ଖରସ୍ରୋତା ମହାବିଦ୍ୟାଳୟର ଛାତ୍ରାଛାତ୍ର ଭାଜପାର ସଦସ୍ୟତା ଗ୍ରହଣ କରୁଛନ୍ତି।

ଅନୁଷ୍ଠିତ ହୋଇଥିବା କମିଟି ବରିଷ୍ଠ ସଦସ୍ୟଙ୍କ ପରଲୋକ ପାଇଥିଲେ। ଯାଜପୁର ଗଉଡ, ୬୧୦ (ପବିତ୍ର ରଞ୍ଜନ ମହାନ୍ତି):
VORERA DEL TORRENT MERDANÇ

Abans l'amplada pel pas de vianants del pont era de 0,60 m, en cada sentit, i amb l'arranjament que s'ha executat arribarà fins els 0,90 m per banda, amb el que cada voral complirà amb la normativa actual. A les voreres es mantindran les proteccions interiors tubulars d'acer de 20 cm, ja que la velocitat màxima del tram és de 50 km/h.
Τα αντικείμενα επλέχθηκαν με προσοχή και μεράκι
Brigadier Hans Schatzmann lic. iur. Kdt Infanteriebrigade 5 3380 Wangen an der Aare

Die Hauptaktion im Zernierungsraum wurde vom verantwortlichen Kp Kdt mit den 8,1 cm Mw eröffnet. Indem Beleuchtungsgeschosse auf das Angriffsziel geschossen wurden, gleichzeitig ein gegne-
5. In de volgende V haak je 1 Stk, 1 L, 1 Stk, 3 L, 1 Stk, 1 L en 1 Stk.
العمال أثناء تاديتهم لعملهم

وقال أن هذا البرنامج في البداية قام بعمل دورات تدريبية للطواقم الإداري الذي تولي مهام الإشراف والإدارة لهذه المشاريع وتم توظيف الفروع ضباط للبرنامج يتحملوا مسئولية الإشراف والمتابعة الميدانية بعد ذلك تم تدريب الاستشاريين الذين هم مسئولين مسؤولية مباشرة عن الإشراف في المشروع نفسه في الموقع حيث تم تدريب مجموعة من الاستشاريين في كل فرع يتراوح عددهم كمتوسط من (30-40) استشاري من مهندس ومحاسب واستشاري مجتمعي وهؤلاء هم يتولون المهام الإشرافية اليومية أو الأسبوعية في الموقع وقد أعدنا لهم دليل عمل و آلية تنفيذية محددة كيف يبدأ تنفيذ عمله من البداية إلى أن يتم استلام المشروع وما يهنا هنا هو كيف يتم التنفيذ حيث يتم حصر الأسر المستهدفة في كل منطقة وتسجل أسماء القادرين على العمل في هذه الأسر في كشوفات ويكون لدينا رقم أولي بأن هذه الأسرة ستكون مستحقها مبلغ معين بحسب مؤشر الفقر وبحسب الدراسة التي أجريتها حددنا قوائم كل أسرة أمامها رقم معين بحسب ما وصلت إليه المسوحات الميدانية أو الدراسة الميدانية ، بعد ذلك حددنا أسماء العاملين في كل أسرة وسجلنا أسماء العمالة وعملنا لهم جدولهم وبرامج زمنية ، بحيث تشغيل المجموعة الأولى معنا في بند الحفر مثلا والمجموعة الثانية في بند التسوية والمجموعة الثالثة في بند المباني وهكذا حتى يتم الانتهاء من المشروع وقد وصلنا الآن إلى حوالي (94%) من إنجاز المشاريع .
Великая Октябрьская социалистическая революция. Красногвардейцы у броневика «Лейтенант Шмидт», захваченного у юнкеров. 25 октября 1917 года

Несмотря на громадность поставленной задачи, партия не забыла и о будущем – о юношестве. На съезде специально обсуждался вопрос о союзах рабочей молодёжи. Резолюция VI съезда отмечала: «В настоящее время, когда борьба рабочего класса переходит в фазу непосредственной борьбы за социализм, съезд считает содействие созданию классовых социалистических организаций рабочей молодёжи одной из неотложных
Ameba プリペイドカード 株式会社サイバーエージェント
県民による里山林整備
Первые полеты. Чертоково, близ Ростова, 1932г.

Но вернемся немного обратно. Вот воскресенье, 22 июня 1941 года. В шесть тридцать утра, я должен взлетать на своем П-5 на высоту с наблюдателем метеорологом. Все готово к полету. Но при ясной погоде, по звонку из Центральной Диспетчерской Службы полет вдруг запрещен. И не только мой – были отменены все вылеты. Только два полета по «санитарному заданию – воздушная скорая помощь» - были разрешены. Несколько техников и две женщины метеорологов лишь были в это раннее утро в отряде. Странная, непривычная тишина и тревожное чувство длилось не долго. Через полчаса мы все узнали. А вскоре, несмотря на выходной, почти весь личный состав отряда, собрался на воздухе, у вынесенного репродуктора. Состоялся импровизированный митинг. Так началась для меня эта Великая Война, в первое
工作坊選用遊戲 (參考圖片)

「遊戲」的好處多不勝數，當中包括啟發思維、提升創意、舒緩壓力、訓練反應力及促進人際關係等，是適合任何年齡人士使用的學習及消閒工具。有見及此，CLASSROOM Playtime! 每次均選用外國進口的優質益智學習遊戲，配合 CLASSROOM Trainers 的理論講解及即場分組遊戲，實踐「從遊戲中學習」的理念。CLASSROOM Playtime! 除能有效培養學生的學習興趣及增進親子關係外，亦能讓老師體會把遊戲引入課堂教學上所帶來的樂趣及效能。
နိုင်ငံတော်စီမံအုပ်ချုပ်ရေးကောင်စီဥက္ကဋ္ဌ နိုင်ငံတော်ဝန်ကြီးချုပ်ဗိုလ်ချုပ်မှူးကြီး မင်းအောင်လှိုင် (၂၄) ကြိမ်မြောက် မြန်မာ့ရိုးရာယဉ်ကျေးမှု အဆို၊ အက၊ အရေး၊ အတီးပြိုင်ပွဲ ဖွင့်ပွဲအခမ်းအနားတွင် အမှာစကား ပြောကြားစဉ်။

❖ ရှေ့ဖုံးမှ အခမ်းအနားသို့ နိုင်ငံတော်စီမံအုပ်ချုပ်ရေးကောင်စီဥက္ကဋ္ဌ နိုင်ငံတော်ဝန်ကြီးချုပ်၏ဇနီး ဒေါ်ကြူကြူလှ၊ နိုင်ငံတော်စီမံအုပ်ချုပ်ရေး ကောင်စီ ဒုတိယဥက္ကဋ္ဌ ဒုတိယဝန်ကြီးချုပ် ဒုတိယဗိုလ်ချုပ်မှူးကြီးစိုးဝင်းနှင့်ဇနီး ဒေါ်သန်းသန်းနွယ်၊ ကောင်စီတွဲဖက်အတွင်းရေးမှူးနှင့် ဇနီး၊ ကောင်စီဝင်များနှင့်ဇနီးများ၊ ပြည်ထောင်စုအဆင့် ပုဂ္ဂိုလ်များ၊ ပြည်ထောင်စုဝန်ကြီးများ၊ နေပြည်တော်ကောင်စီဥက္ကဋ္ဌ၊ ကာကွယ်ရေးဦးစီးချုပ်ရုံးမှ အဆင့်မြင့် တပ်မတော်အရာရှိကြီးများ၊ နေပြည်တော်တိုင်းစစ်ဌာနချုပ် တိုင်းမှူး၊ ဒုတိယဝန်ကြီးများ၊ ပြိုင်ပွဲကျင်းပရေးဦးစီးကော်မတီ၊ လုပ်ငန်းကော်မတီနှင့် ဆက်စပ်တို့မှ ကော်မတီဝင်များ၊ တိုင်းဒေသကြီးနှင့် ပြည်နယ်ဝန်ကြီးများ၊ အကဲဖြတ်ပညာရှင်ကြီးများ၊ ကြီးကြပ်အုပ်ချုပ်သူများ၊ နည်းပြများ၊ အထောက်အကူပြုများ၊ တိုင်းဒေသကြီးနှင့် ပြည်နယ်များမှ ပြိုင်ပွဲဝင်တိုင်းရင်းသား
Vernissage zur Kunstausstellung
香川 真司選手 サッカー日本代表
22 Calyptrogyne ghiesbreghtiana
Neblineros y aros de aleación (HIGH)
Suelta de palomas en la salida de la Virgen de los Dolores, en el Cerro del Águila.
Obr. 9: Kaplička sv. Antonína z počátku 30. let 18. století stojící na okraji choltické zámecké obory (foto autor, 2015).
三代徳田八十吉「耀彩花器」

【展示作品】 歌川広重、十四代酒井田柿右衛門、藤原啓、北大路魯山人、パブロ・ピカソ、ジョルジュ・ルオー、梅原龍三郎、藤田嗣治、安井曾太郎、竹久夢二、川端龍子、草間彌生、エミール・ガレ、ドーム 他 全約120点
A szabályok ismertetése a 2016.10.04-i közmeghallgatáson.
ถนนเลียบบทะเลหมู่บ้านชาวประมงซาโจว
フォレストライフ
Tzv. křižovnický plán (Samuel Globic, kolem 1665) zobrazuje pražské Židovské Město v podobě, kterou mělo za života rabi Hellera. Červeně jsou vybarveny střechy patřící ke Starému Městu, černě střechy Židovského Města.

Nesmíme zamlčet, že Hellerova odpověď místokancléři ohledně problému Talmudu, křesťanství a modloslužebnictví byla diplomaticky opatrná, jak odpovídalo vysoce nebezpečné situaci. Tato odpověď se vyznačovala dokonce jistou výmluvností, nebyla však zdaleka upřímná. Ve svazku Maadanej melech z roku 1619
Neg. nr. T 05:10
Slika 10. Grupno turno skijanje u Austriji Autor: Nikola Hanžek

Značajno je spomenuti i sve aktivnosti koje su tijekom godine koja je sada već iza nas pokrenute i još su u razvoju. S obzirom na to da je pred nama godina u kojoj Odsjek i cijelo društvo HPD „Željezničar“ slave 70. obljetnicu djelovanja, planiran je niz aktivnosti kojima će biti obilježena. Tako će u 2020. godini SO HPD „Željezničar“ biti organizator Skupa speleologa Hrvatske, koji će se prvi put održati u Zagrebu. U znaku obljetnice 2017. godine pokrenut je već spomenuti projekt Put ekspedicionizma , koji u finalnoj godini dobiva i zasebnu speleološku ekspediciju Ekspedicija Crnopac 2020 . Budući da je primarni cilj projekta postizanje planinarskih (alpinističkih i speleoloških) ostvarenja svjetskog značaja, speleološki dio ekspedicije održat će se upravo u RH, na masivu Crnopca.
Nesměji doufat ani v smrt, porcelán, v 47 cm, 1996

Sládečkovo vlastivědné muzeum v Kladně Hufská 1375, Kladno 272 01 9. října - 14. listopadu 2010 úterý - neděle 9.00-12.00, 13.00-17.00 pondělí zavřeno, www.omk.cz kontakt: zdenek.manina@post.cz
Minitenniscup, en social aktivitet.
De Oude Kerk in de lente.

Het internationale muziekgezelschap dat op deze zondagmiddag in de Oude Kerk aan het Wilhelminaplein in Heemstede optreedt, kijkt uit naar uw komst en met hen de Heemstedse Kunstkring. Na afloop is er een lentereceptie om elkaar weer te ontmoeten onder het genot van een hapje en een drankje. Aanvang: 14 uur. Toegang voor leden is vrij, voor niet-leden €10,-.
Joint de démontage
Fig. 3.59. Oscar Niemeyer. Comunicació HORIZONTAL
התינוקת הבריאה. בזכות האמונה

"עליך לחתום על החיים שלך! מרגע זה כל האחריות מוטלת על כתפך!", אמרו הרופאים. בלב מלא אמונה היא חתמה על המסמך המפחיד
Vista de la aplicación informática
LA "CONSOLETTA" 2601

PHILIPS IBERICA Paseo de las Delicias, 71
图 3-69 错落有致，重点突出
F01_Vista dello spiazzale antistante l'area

◆ **TASK TO CARRY OUT**:
Look above for the line with "A szabályok ismertetése"; retype exactly that line, every line after it up to the line with "Slika 10. Grupno", and that line too, nothing else.

◆ **ANSWER BOX**:
A szabályok ismertetése a 2016.10.04-i közmeghallgatáson.
ถนนเลียบบทะเลหมู่บ้านชาวประมงซาโจว
フォレストライフ
Tzv. křižovnický plán (Samuel Globic, kolem 1665) zobrazuje pražské Židovské Město v podobě, kterou mělo za života rabi Hellera. Červeně jsou vybarveny střechy patřící ke Starému Městu, černě střechy Židovského Města.

Nesmíme zamlčet, že Hellerova odpověď místokancléři ohledně problému Talmudu, křesťanství a modloslužebnictví byla diplomaticky opatrná, jak odpovídalo vysoce nebezpečné situaci. Tato odpověď se vyznačovala dokonce jistou výmluvností, nebyla však zdaleka upřímná. Ve svazku Maadanej melech z roku 1619
Neg. nr. T 05:10
Slika 10. Grupno turno skijanje u Austriji Autor: Nikola Hanžek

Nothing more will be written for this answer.